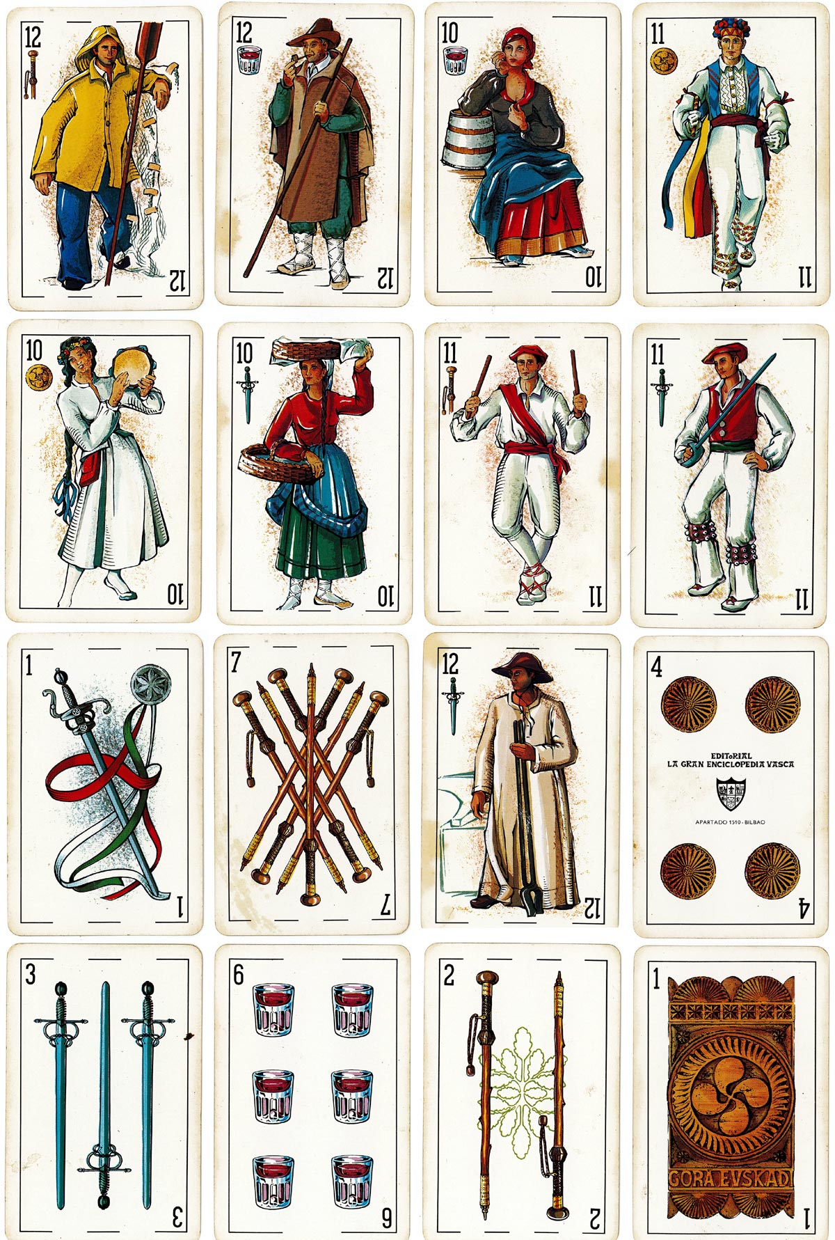 Above: Basque Country deck of 40 cards published by Fournier in 1979 for the Gran Enciclopedia Vasca y Diputación Foral de Álava. Presented in a sliding velvet case with gold engraving "Diputación Foral de Álava".
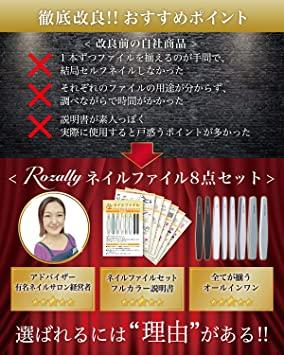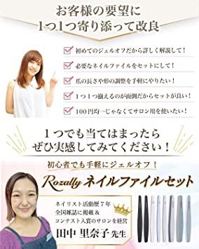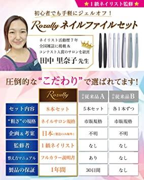 【ネイリスト監修】 自宅での ネイルケア のためにネイリストの先生にアドバイスをもらいながら少しでも使いやすいようにと考えながら設計&開発を進めました。 ジェルオフ ~ 爪磨き に必要な”エメリーボード”,”スポンジファイル”,”バッファー”などを「これ1つで全部揃う」をモットーにセットとして”爪磨きセット”として商品化をさせて頂きました。”つめやすり”や”つめみがき”など 自爪用 にフォーカスしたそれぞれの用途や注意点もネイリストの先生が監修した説明書で解説されています!【こだわり】 様々なメーカーから” ネイルファイル ”や” ネイルケアセット ”として販売されています。 Rozallyの ネイルファイルセット は国内や国外で流通している様々なサンプルを取り寄せ、”使いやすさ”や”削る粒度”にこだわりを持って製造しました。初心者の方でも届いた日に
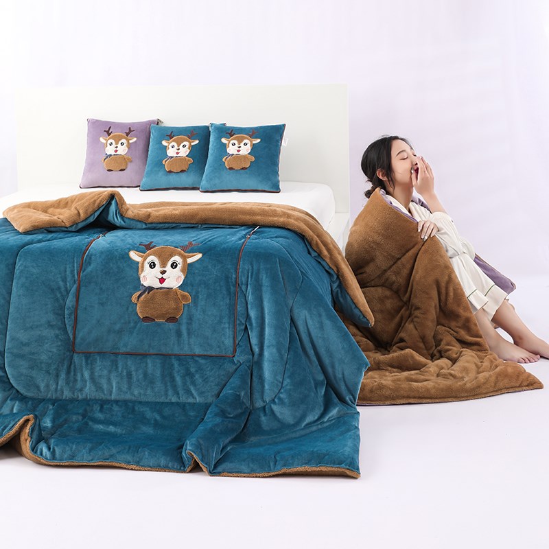 冬季加厚多功能抱枕被汽车靠垫二合一办公室沙发午休水晶绒空调毯
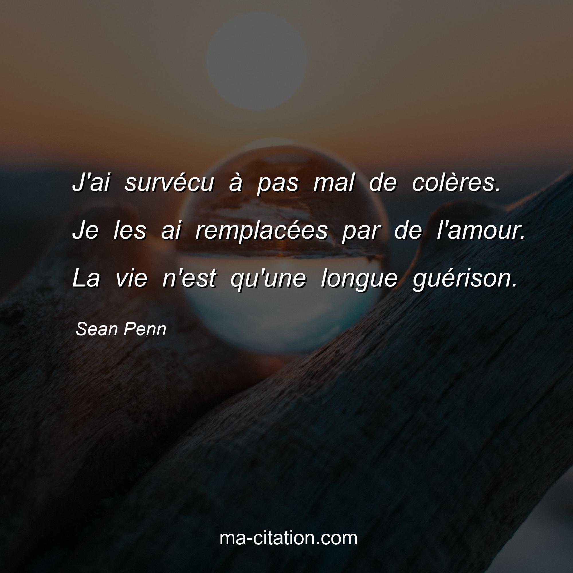 Citation sur la vie de Sean Penn :J'ai survécu à pas mal de colères. Je les ai remplacées par de l'amour. La vie n'est qu'une longue guérison.
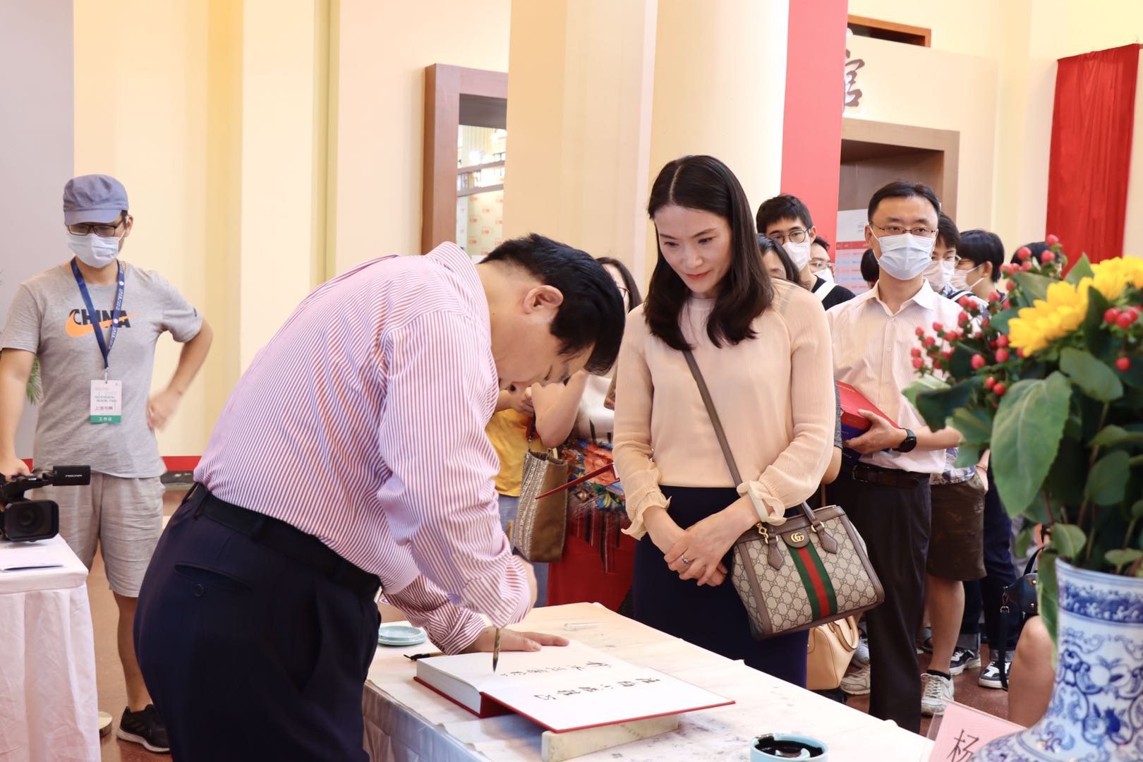 下午15:30分,新书签售会正式开始,现场火爆异常,不少粉丝排队等候签名合影,记者发现,在排队等候签售的人群中,不乏众多年轻的身影,粉丝小唐告诉记者,虽然年纪不大,但自己是书法迷,特别佩服这种几十年功力的书法家,向他们学习。
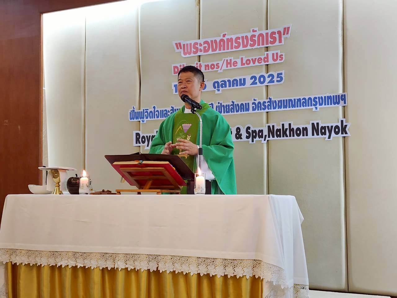 14-16 ตุลาคม 2568 ฝ่ายสังคม อัครสังฆมณฑลกรุงเทพฯ โดยคุณพ่อสราวุธ อมรดิษฐ์ ผู้ช่วยพระสังฆราชฝ่ายสังคม ได้จัดฟื้นฟูจิตใจและสัมมนาบุคลากรประจำปี 2568 ณ โรงแรมรอยัลฮิลล์ จ.นครนายก โดยได้เชิญ คุณพ่อศราวิน พัดศรีเรือง มาเป็นวิทยากรให้การอบรมในหัวข้อ "Dilexit nos / He Loved Us / พระองค์ทรงรักเรา" ซึ่งเป็นสมณสาสน์ ฉบับสุดท้ายของสมเด็จพระสันตะปาปาฟรังซิส มีคุณพ่อ/ซิสเตอร์/ผู้จัดการแผนก/ผู้ดูแลบ้าน-ศูนย์/เจ้าหน้าที่และอาสาสมัครจากแผนกต่างๆ ในฝ่ายสังคม อัครสังฆมณฑลกรุงเทพฯ มาเข้าร่วมสัมมนาจำนวน 32 ท่าน
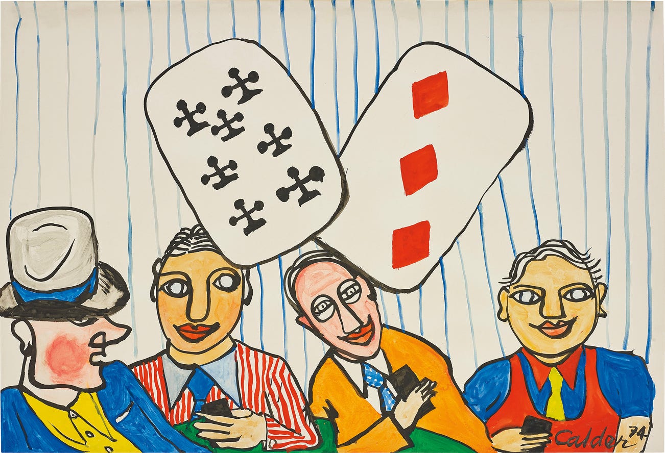 signed and dated 'Calder 74' lower right; further titled 'Le Melon' on the reverse
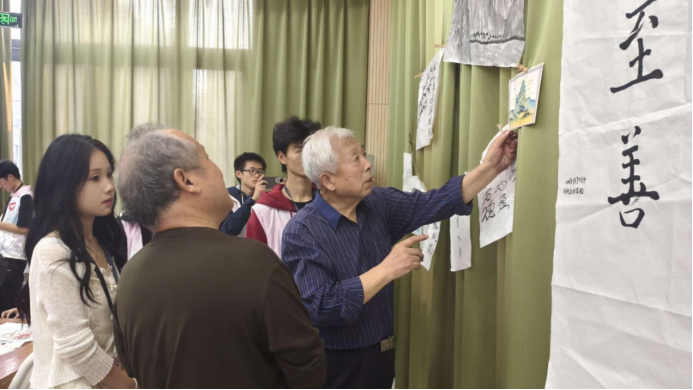 此次“墨韵飘香,书香校园”活动,为学子们构筑了书画艺术展示,深度挖掘和展现了传统文化的独特魅力与深厚底蕴。青年学子携手老年艺术家,一起驻足,以涵养文学与艺术修养促进中华文化在社会与学校之间的深度传承与创新弘扬。
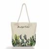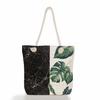 Marble green leaves print thick rope single-shoulder beach bag 7273 CLE
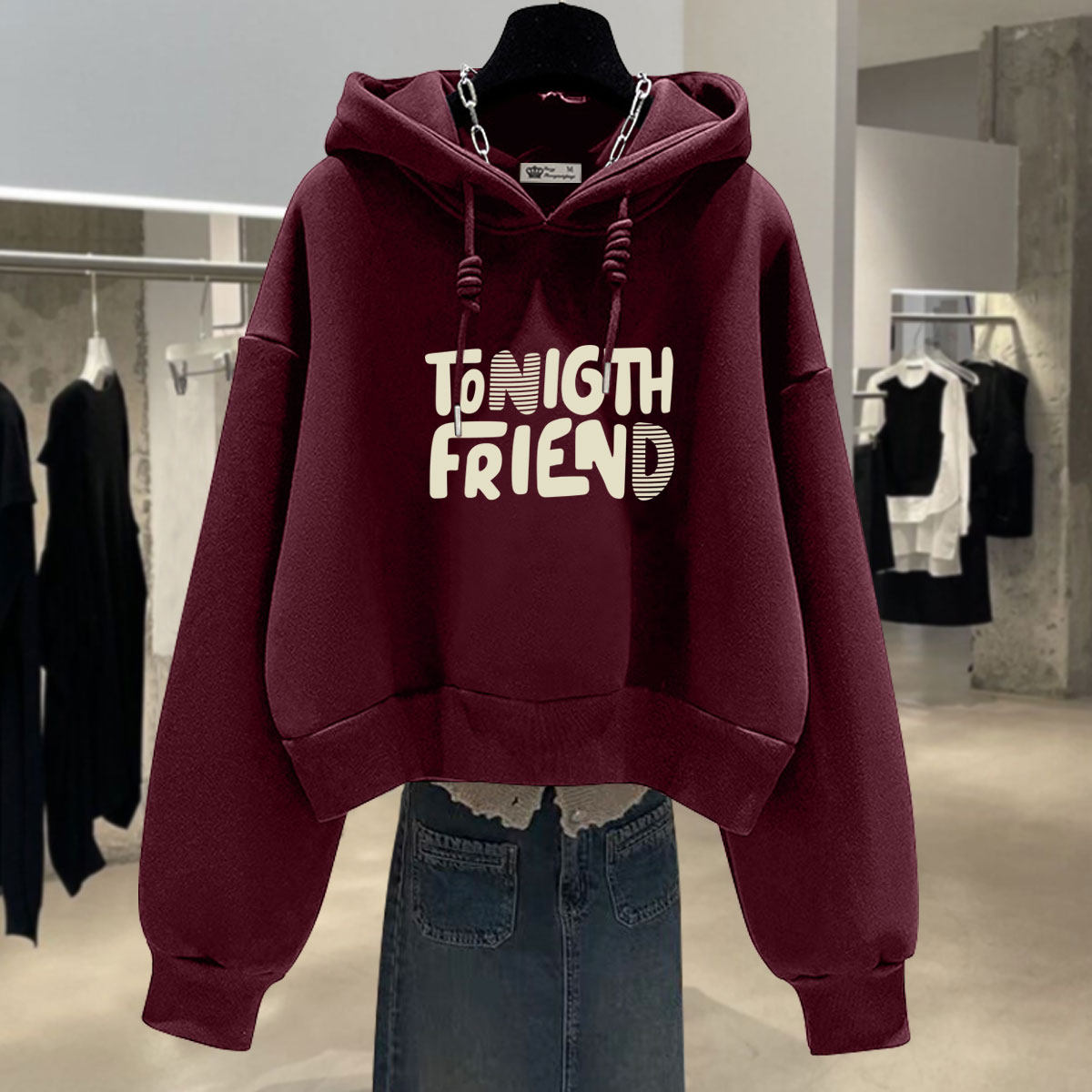 2025春秋冬季新款趣味字母加绒加厚宽松套头长袖外套连帽卫衣女潮

________

* **Exercise**
Each line above that falls between the line with "冬季加厚多功能抱枕被汽车靠垫二合一办公室沙发午休水晶绒空调毯" and the line with "Citation sur la" should be printed exactly, together with those two lines, but the pictures should not.

* **Exercise output**
 冬季加厚多功能抱枕被汽车靠垫二合一办公室沙发午休水晶绒空调毯
 Citation sur la vie de Sean Penn :J'ai survécu à pas mal de colères. Je les ai remplacées par de l'amour. La vie n'est qu'une longue guérison.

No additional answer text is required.